Figure 1. Spread of the eastern variant population of western corn rootworm in Illinois (Cook, et al., 2005).

Another type of corn rootworm also damages first-year corn. Populations of northern CRW in some areas have developed extended diapause, a phenomenon that keeps eggs dormant in the soil for an additional season, so that larvae hatch into corn fields in two-year rotations. Extended diapause has been most prevalent in parts of South Dakota, Minnesota, northwest Iowa and northeast Nebraska. Studies and observations indicate that the problem is expanding.
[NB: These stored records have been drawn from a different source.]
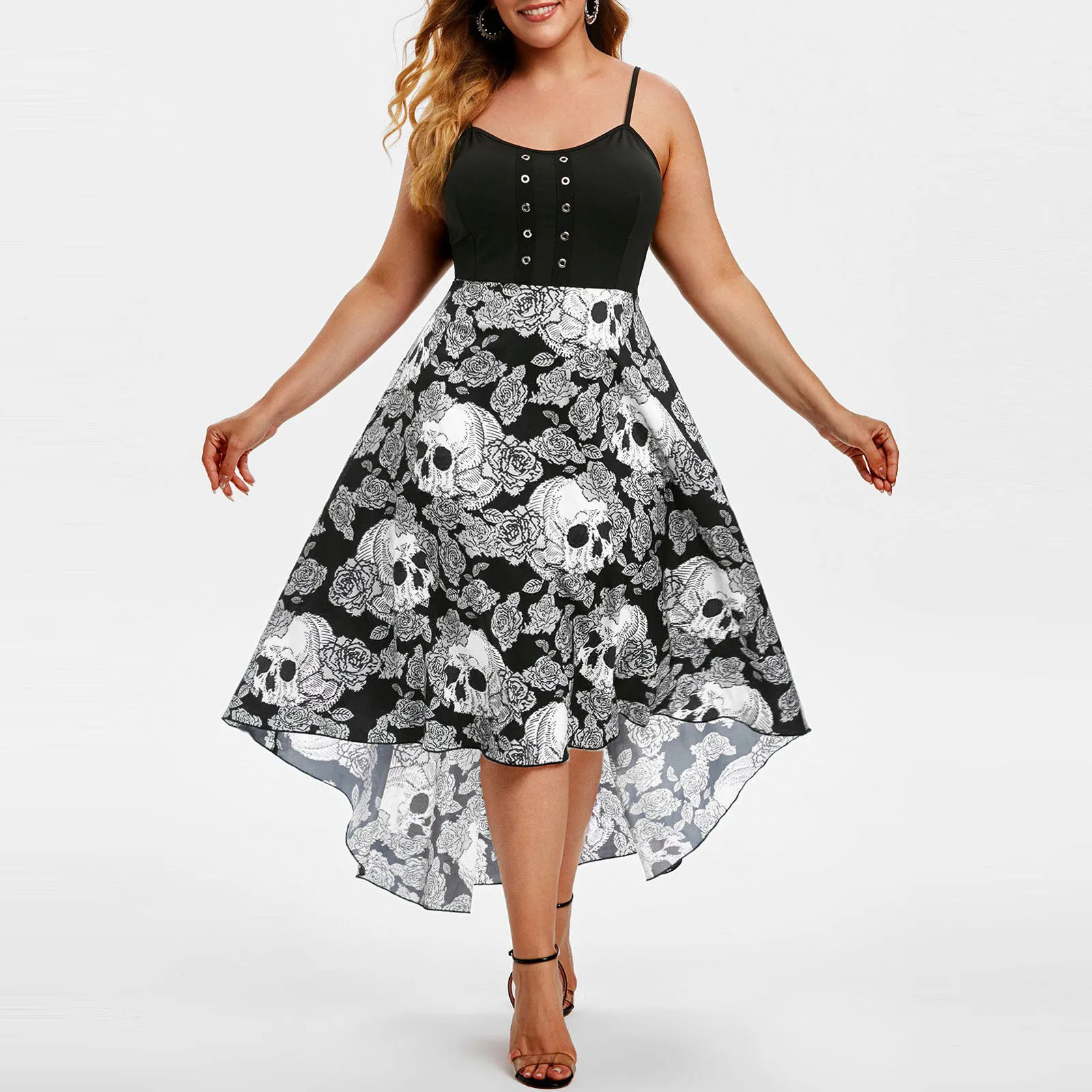 Женское винтажное облегающее платье без рукавов с люверсами, цветочным принтом и черепом, платье до колен, платье с высокой размера плюс, 40 #
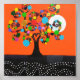 Arbre coloré avec coeur d'amour dans le tronc, avec pleine lune et art pointillé
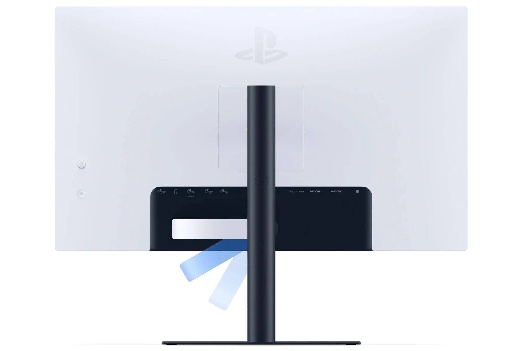 Монитор оснащён встроенным крюком для беспроводного контроллера DualSense или DualSense Edge с функцией зарядки. Набор внешних разъёмов включает два входных HDMI 2.1 и один входной DisplayPort 1.4 для совместимости с игровыми консолями PS5, ПК, Mac и другими устройствами. Также предусмотрены два порта USB Type‑A и один USB‑C, которые можно использовать с адаптерами PlayStation Link или другими устройствами. Помимо этого, монитор оснащён парой стереодинамиков и 3,5‑мм аудиовыходом.
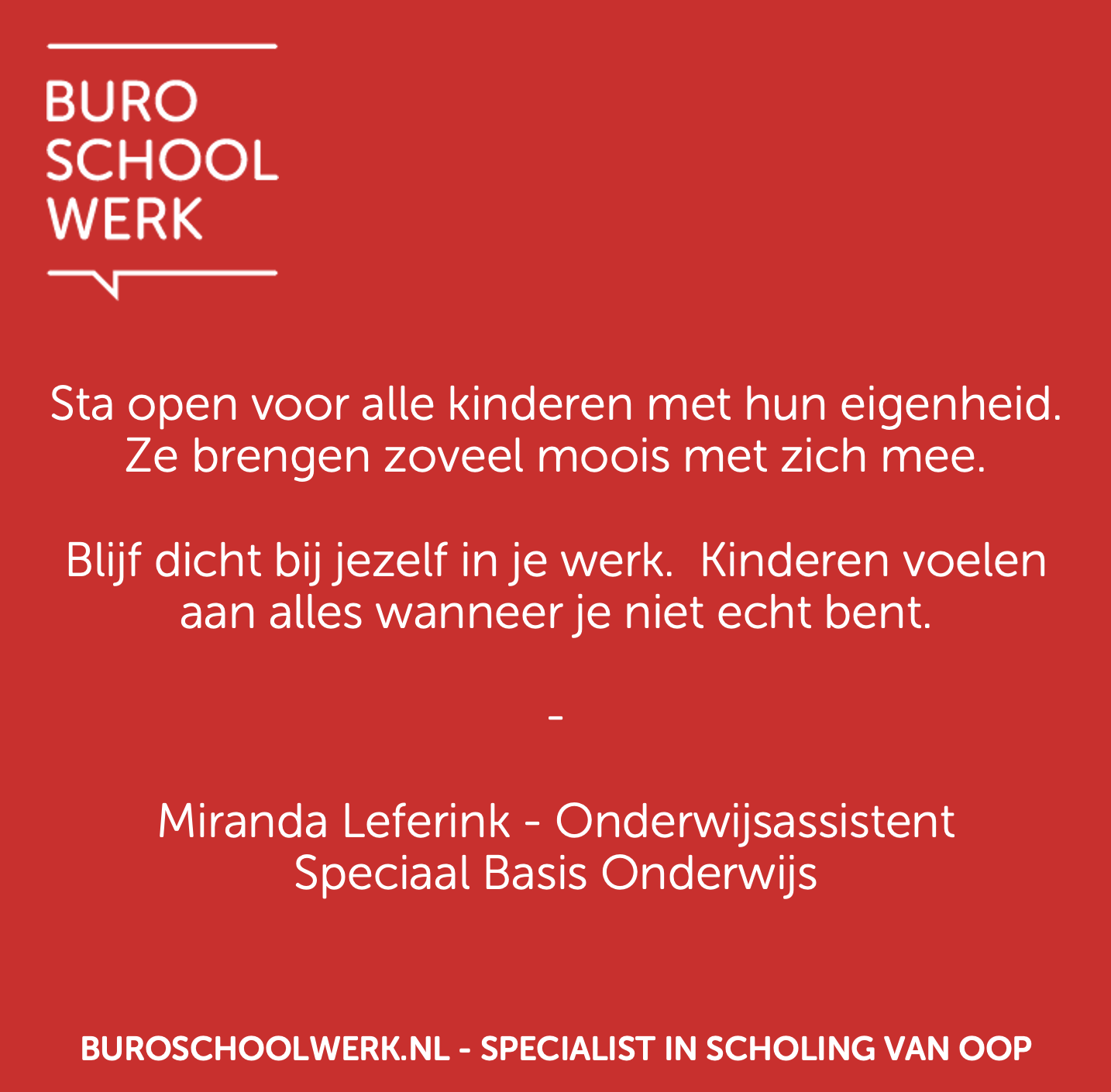 Ik ben Miranda en ben onderwijsassistent in het SBO. Ik werk in groep 1/2 met 14 kinderen, allemaal met een eigen verhaal.
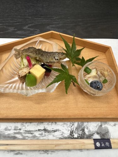 まずは八寸から!どれもとっても美味しい!イチジクも美味しい~!アマゴの揚げ物も香ばしくて最高でした!
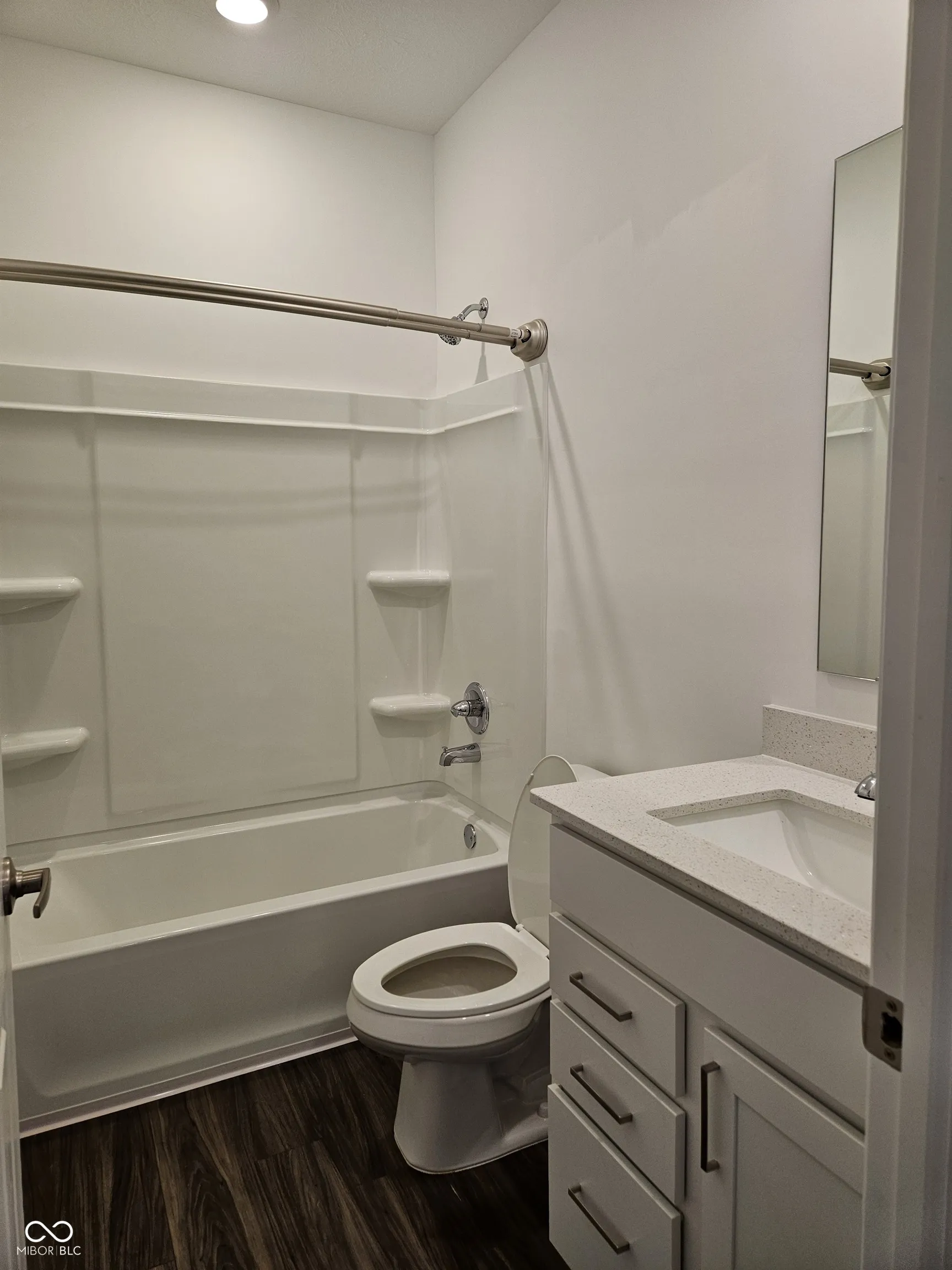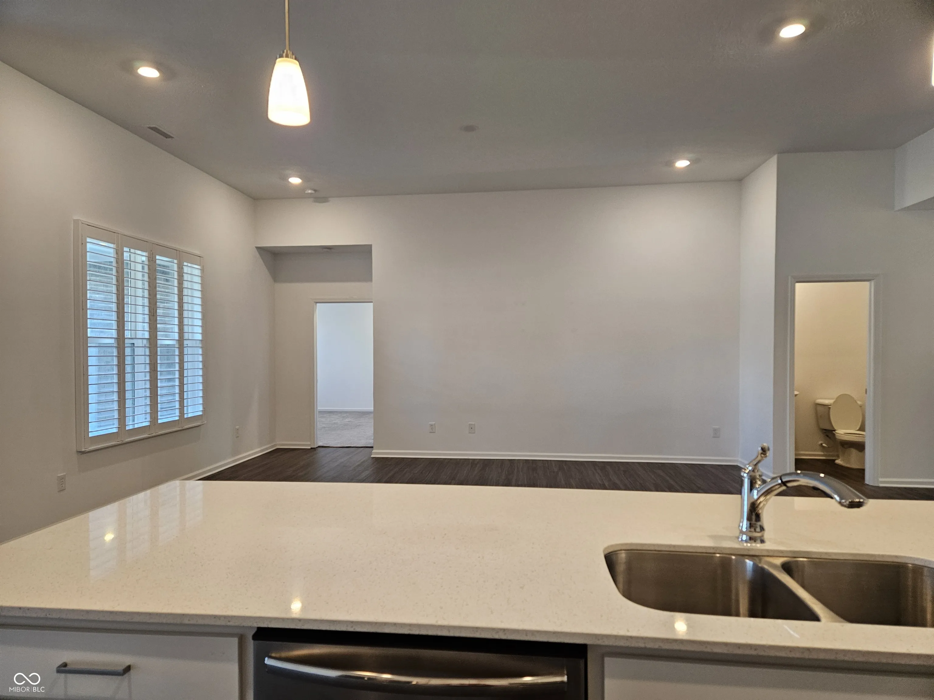 Almost brand new and move-in ready! This home is a clean slate, allowing you to make it your own. Featuring 4 bedrooms and 2 1/2 bathrooms, the open-concept design includes a spacious great room, kitchen, and dining area all in one. The gourmet kitchen boasts a large quartz countertop, a gas range, an electric oven, and a built-in microwave. All kitchen appliances are stainless steel. The master suite is conveniently located off the living room, including a double sink bathroom and a generous walk-in closet. There is also a step-in shower stall. The attached 2 1/2 car garage has an approximate 8×8 storage area. Yard maintenance and snow removal are included in the HOA fees.
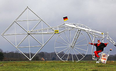 迪迪·森夫特騎行他制造的四邊形自行車。
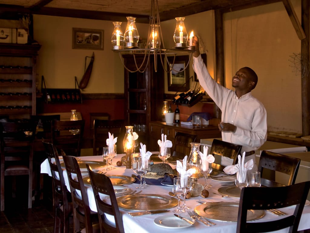 The lapa comprises a lounge, dining area and an open-plan kitchen, which allows you to chat to the chef while he is preparing delicious three course dinners. The sundowner deck with its elevated fireplace is the central meeting point of the camp providing a stylish and relaxed ambience. Whilst Wolwedans Dune Lodge aims at accommodating those guests seeking relaxed comfort and space, Wolwedans Dune Camp is a more down-to-earth and close to nature experience. It’s ideally suited for the more adventurous traveller to Namibia as the charm of the camp lies in its tranquil, intimate atmosphere, capturing the romance of a bygone era.
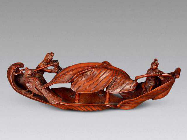 黄杨木雕人物船形
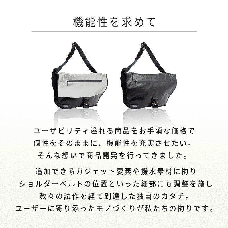 Dom Teporna ズレない大容量ボディバッグ 撥水素材 メッセンジャーバッグ silver/シルバー
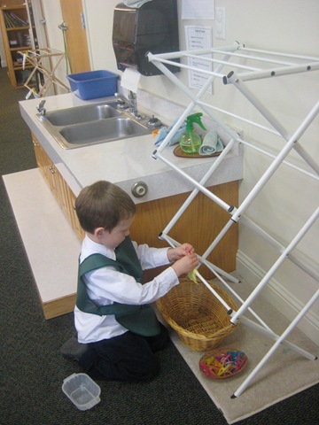 Brandon- hanging the cloth on the drying rack after washing it
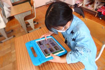 タブレットのアプリで復習をする4年生です。
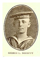 GEORGE L. NODRUFT, the son of Mr. and Mrs. G. W. Nodruft, of this city, who moved to this vicinity from Missouri about three years ago, at the time that this country became engaged in the world war, was very anxious to get into the service. Many branches of the service were considered and finally decided to enlist in the navy, which he did May 1st, 1918, and was sent to the Great Lakes Naval training station to receive his training for duty. He remained at this station until the month of

In areas where crop rotation is not effective, and in corn-after-corn fields, growers must manage CRW to prevent losses. With the registration of the Herculex® RW (HXRW) and Herculex XTRA (HXX) Insect Protection traits, growers now have new options to help control this pest. HXRW is a transgenic Bt trait, providing protection against western, northern, and Mexican CRW. HXX is a stack of the Herculex I and Herculex RW traits. Pioneer hybrids with the HXX trait protect against a broad array of destructive plant and ear-feeding insects in addition to corn rootworm, including corn borer, black cutworm, western bean cutworm, and several other pests. This Crop Insights will report on research studies conducted in 2006 to evaluate the effectiveness of the HXRW and HXX traits for managing corn rootworm populations.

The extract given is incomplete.